Starring Matt Damon and Jody Foster Elysium brings together two top stars in a science fiction film by South African-born director/writer Neill Blomkamp. Given a bud- get of $115 million - estimated by TriStar Pictures, Blomkamp wrote the script and said “No, this isn’t science fiction. This is today. This is now.”
The director’s outlook is somewhat gloomy, considering the theme of the picture is what happens to earth in 2154. Not a pretty picture at all. The earth is ravaged -- when isn’t it in a sci-fi film? -- and living conditions are dreary for the ordinary human being. But wait! There’s hope for the wealthy! There’s a high-tech space station lurking by that is like Utopia. Not only that, but there are miraculous machines that can cure diseases and make everyone like new. Naturally, those lucky enough to have the money to live there do not want any immigrants to clutter up the place. All those who try to penetrate the space station are brutally turned away.
Enter Matt Damon. There has to be a big star to abuse, sock in the nose, and terrorize. After all, the studio has to justify those big bucks they pay him that bloat the budget. Unfortunately, he plays an ex- con named Max DeCosta who has an accident in the factory where he works. The industrial incident has infected him with cancer that can only be cured by one of the miracle medical machines on Elysium.
No one is allowed on Elysium unless they are citizens of the space module. Naturally, Max is determined to get to the satellite and get cured. He has only five days and will do anything it takes. One attempt is made to kidnap a billionaire (William Fichtner) and steal his identity code to enter the utopian space.
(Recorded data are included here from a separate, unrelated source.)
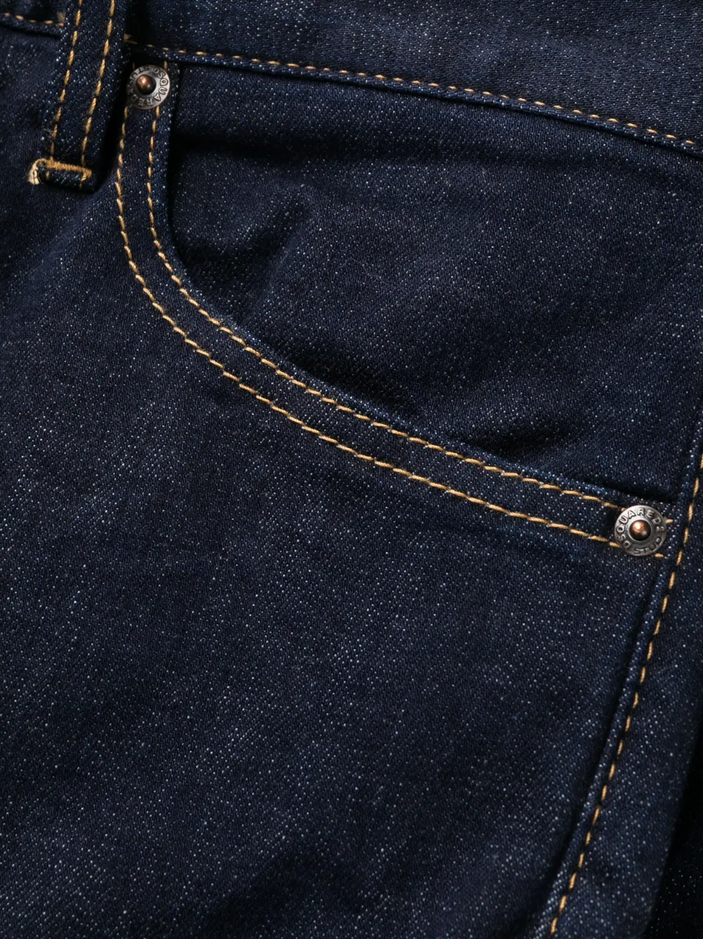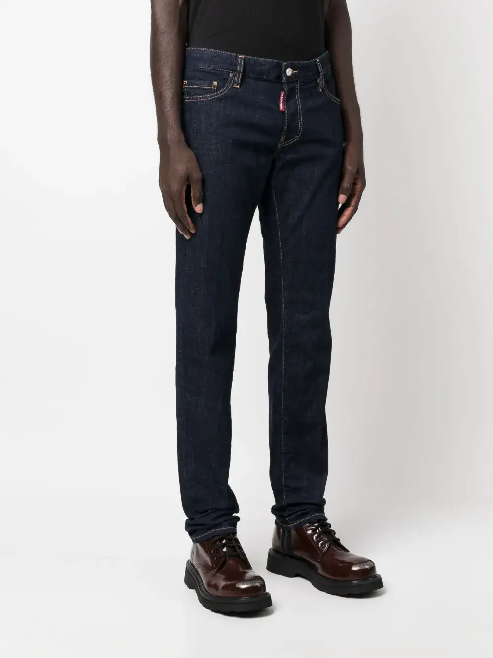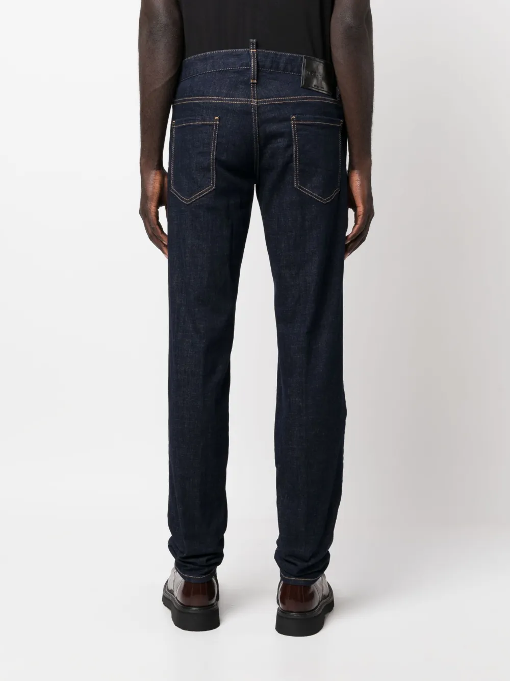 Темно-синий, хлопок, нашивка с логотипом спереди, нашивка с логотипом сзади, контрастная строчка, петли для ремня, пять карманов и прямой крой.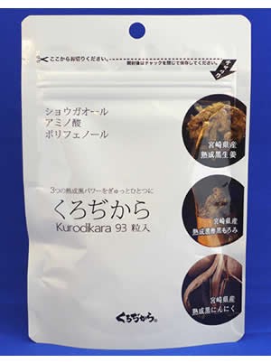 | 原材料 | サフラワー油、熟成黒にんにく、熟成黒酢黒もろみペースト、熟成黒生姜、ゼラチン、グリセリン、グリセリン脂肪酸エステル、ミツロウ |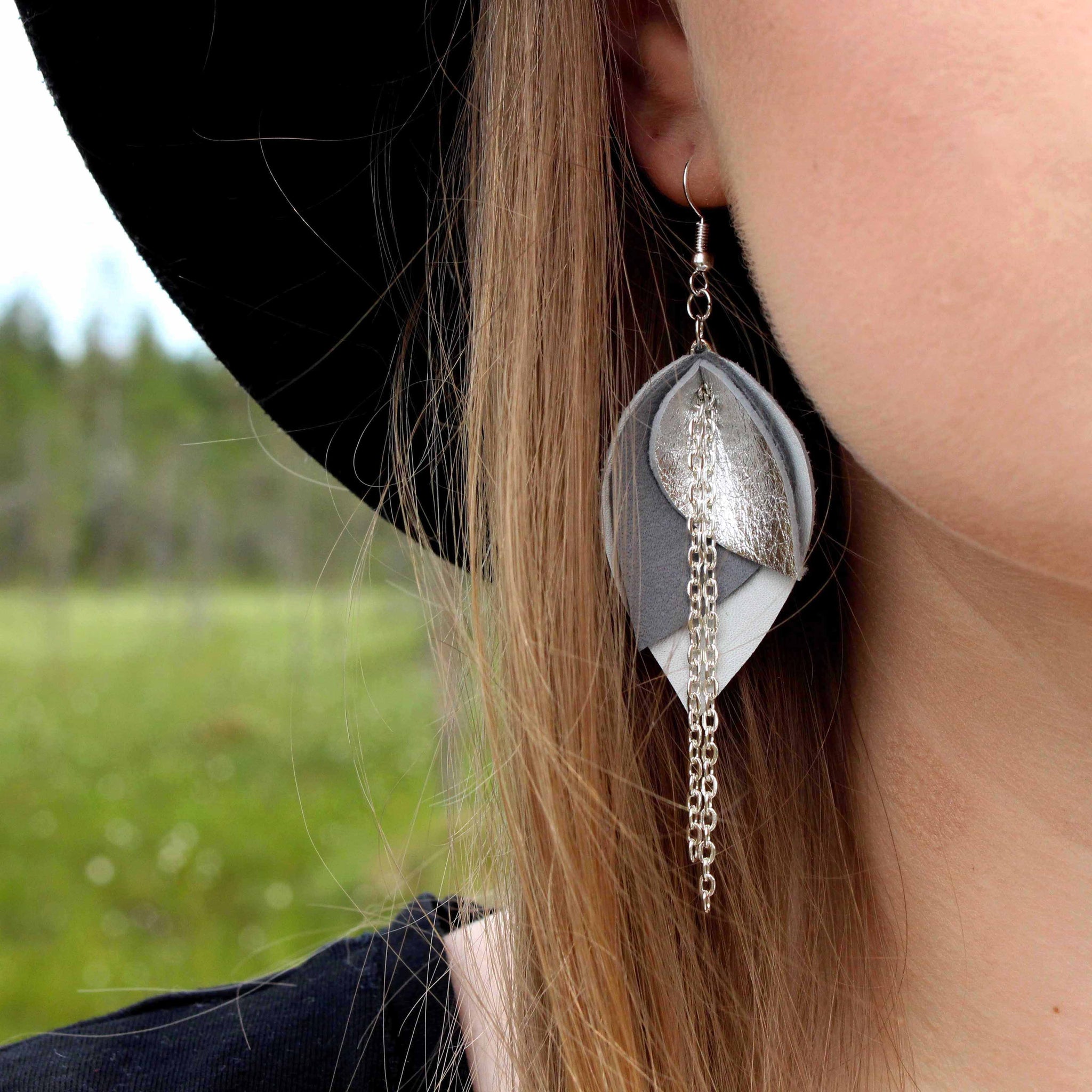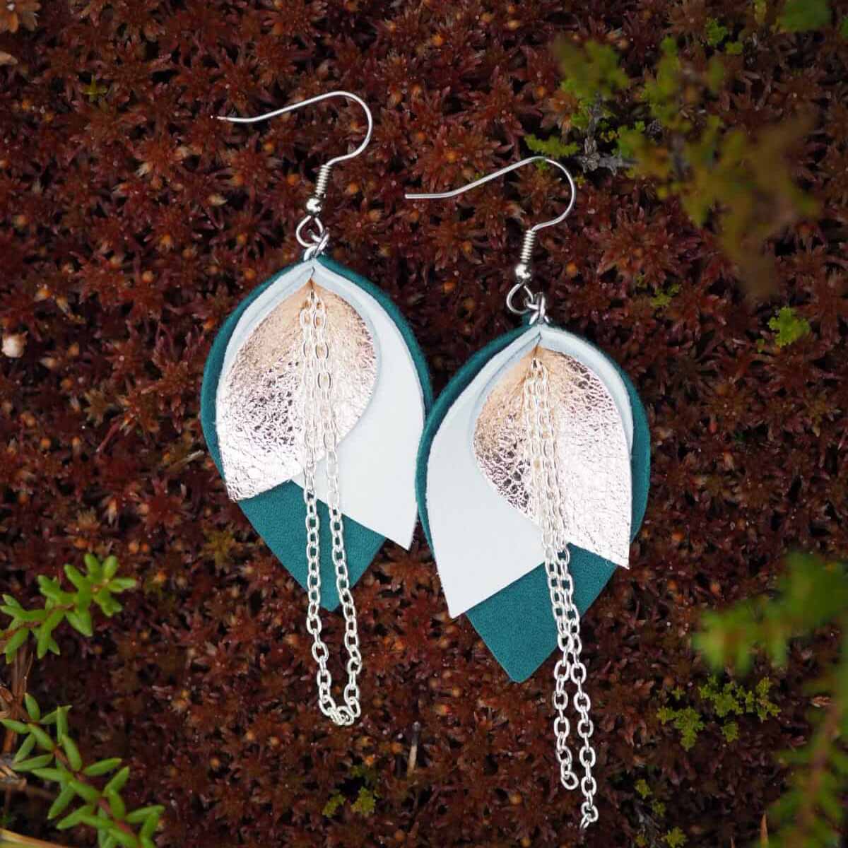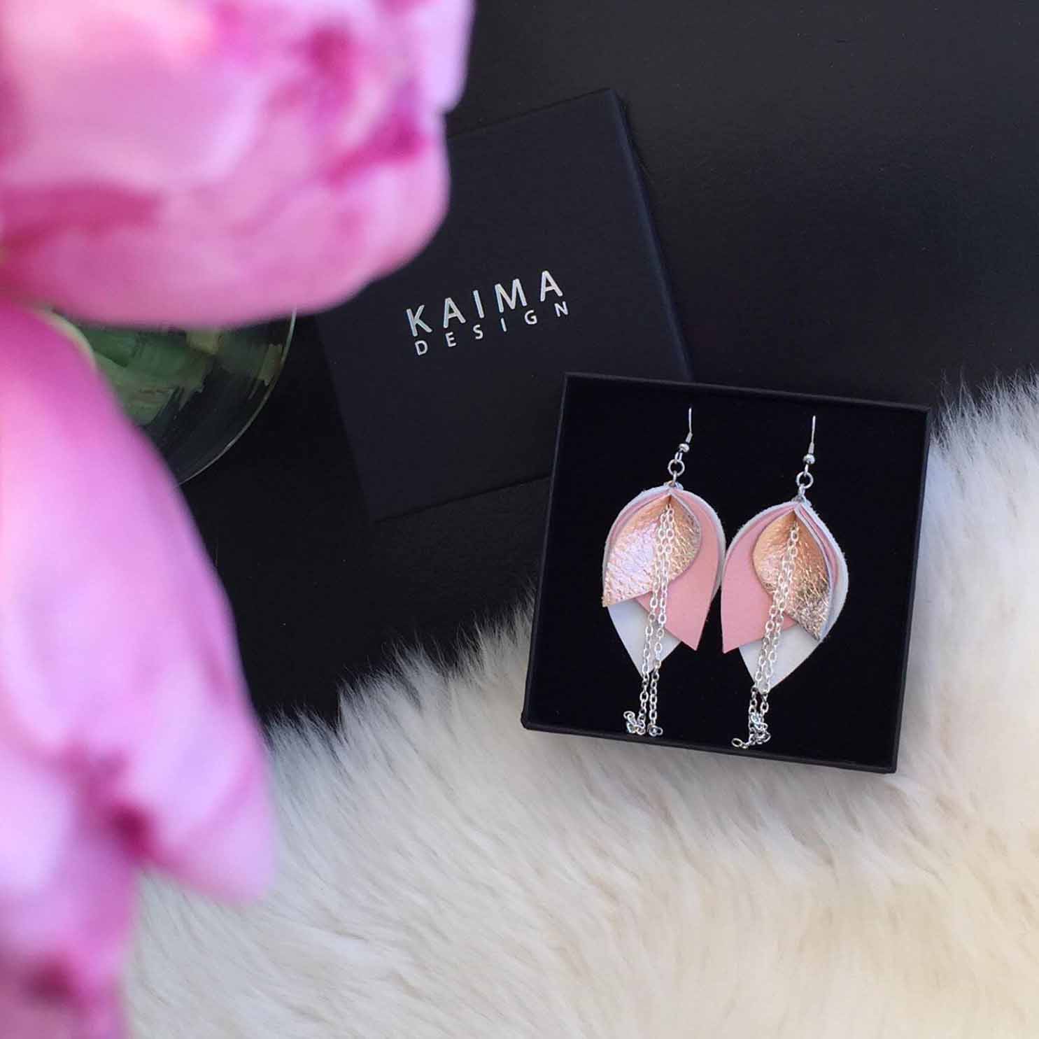 Iso Bloom-korvakoru koostuu kolmesta väristä: kahdesta pääväristä ja metallipintaisesta nahkasta, joka on joko hopea tai ruusukulta.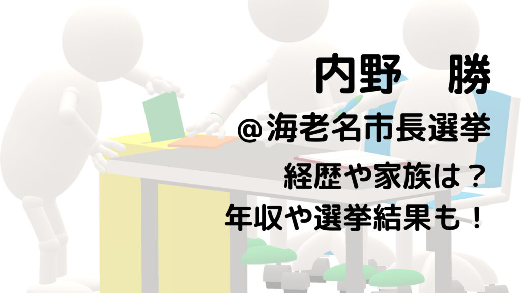 任期満了に伴う神奈川県海老名市長選(2023年11月5日告示、同年11月12日投開票)に、現市長の内野 優氏が出馬の意向を表明しました。 こちらのページでは、内野 優氏の ・経歴 ・家族 ・年収 ・選挙結果 などについて記事を書いていきます。 内野 優氏/海...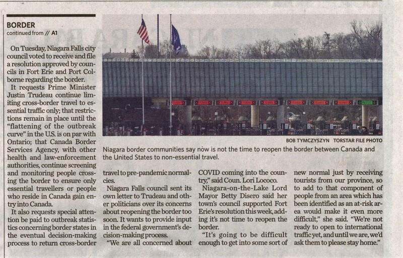- COVID-19 pandemic / Canada-U.S. border / Niagara Falls City Council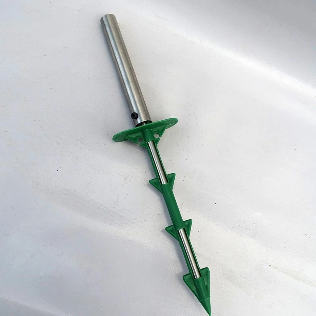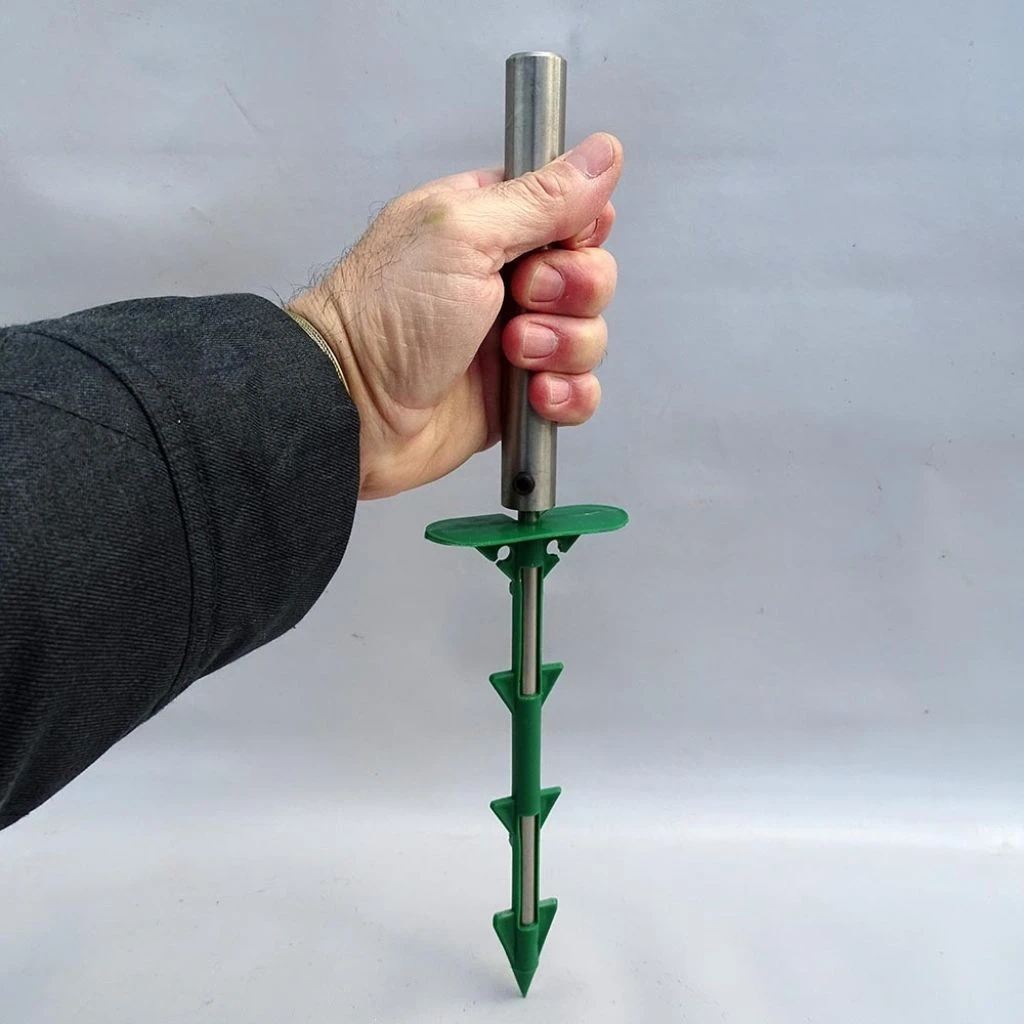 Cet outil à frapper pour pose des clous en polypropylène ou biodégradables a été spécifiquement conçu pour éviter de les casser lors de leur mise en place tout autour des toiles de paillage et autres protections de sol. Insérez la tête du clou dans la partie creuse de l’outil, puis enfoncer le tout à l’aide d’un maillet ou d’un marteau. Libérez l’outil en effectuant une légère rotation.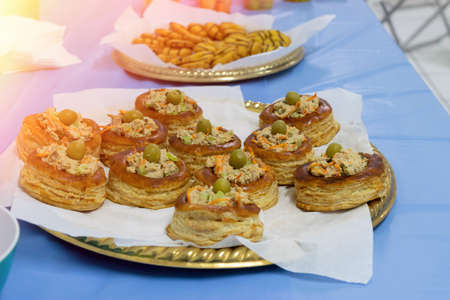 salty canapes of buns with tuna and olives on dessert table. catering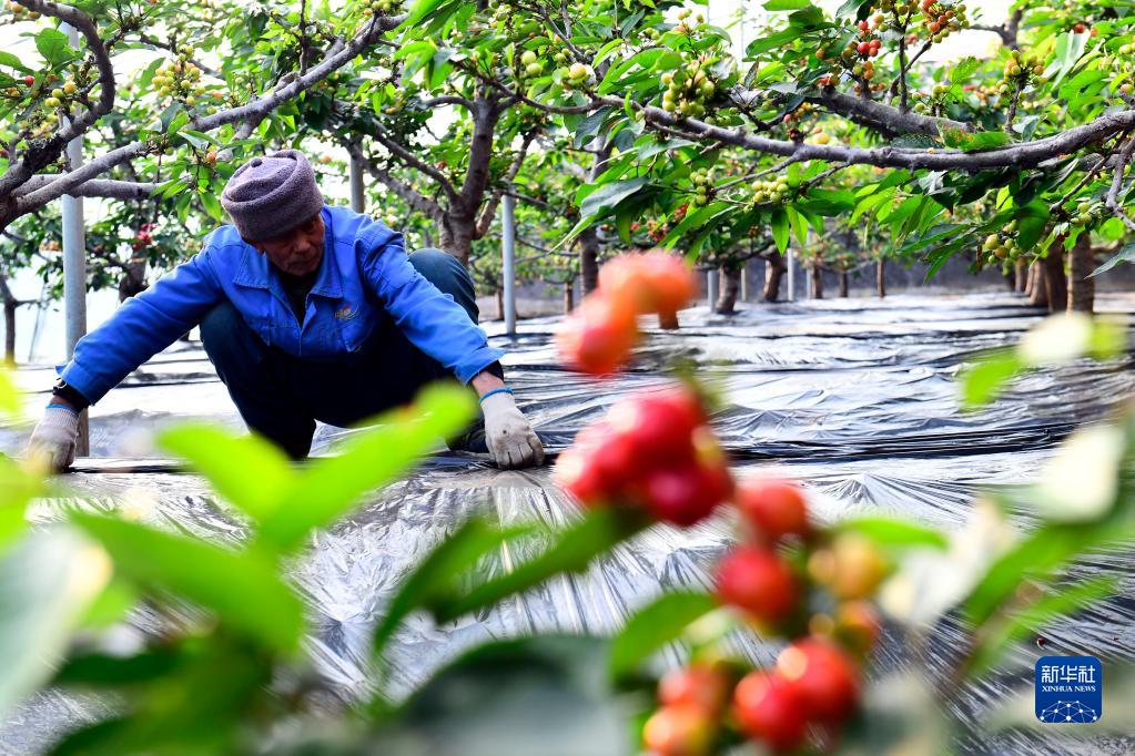 1月14日,在五蓮縣戶部鄉果樹大本營,工作人員在管護設施大棚里的櫻桃。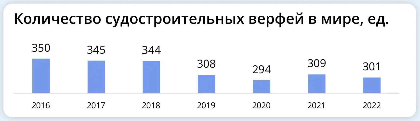 Несмотря на рост объемов строительства, количество судостроительных верфей в мире демонстрирует тенденцию к постепенному сокращению, что свидетельствует о процессах оптимизации и укрупнения.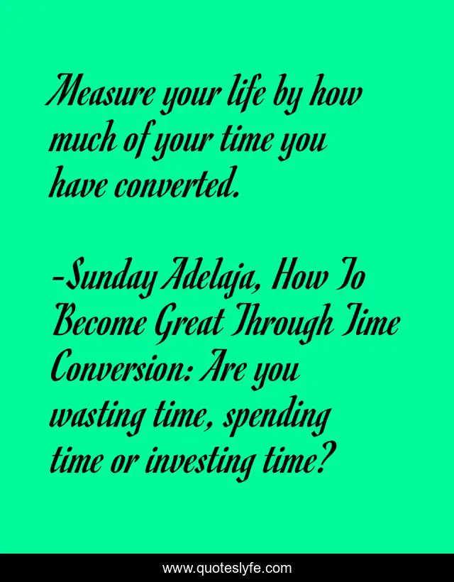 "Sunday Adelaja, How To Become Great Through Time Conversion: Are you wasting time, spending time or investing time? Quotes." Quoteslyfe.com, 2025. Fri. 05 Dec. 2025. <https://www.quoteslyfe.com/quote/Measure-your-life-by-how-much-of-39116>.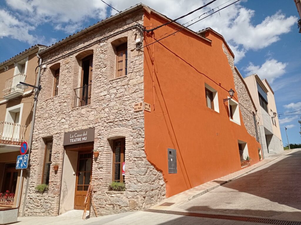 Mira, al novembre farà set anys que vam iniciar aquest projecte, es va inaugurar el 2015! Feia molts anys que trebàllavem com a companyia de teatre fent bolos, girant per tot arreu, però al nostre poble potser només ens veien actuar un cop a l’any… Teníem moltes ganes de treballar de cara al poble, pels veïns i les veïnes, amb la gent del voltant. Aleshores va sortir l’opció d’arreglar un graner que hi ha aquí al mig de Sant Martí de Tous, un antic magatzem de gra on els pagesos guardaven el blat i era un punt d’intercanvi i de trobada entre la gent del camp. Aquest magatzem portava molts anys tancat i havia quedat pràcticament en l’oblit. Va sortir l’oportunitat d’arreglar-lo i convertir-lo en el nostre espai d’assaig i ja ho vam fer pensant que no seria només un local per assajar nosaltres sinó que seria per fer-hi activitats pel poble. El vam arreglar, el vam transformar en teatre i en diferents espais d’assaig. Després l’any 2020 vam arreglar un altre espai que ha servit de residència i això ha permès tenir més companyies, augmentar la programació, fer més activitats… Ha fet que La Casa del Teatre Nu sigui el nostre espai però sobretot un lloc de creació, un espai obert de creació.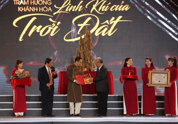 Ông Nguyễn Văn Tưởng – Chủ tịch công ty Trầm hương Khánh Hòa – nhận bằng xác lập kỷ lục Bảo tàng Trầm hương đầu tiên ở Việt Nam, ngày 30/4.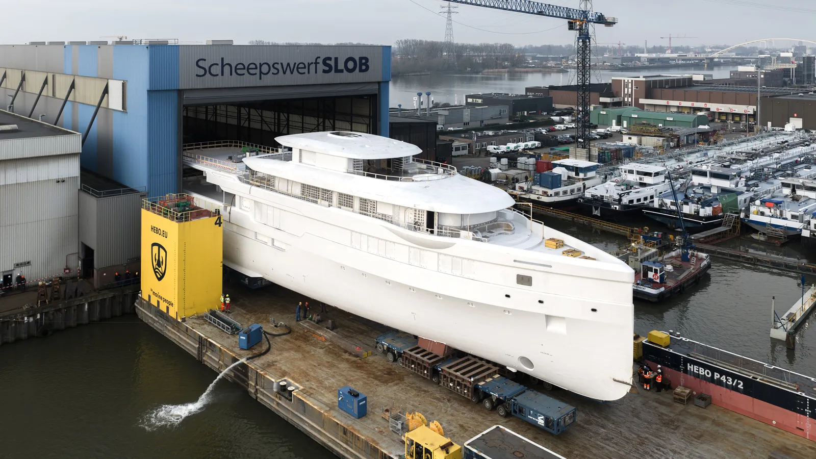 The 72-metre Feadship superyacht Project 719 has been seen for the first time departing the Scheepswerf Slob sheds in Papendrecht, the Netherlands.

None of this can be done today without voluminous amounts of computer gadgets and lots of wires and switches. Max’s best friend Julio (Diego Luna) is the computer nerd, along with the help of Spider (Wagner Moura). In a cringe- inducing scene Max has a computer memory drilled into his head to protect secret codes.
Adding to the complications Max reconnects with his boyhood crush Frey (Alicia Braga) and her little girl Matilda (Emma Tremblay). The girl is suffering from terminal leukemia and must also get to Elysium for a cure. Braga plays her role as a nurse with confidence and authority. Braga’s actions and concerns for her daughter’s welfare feel sincere.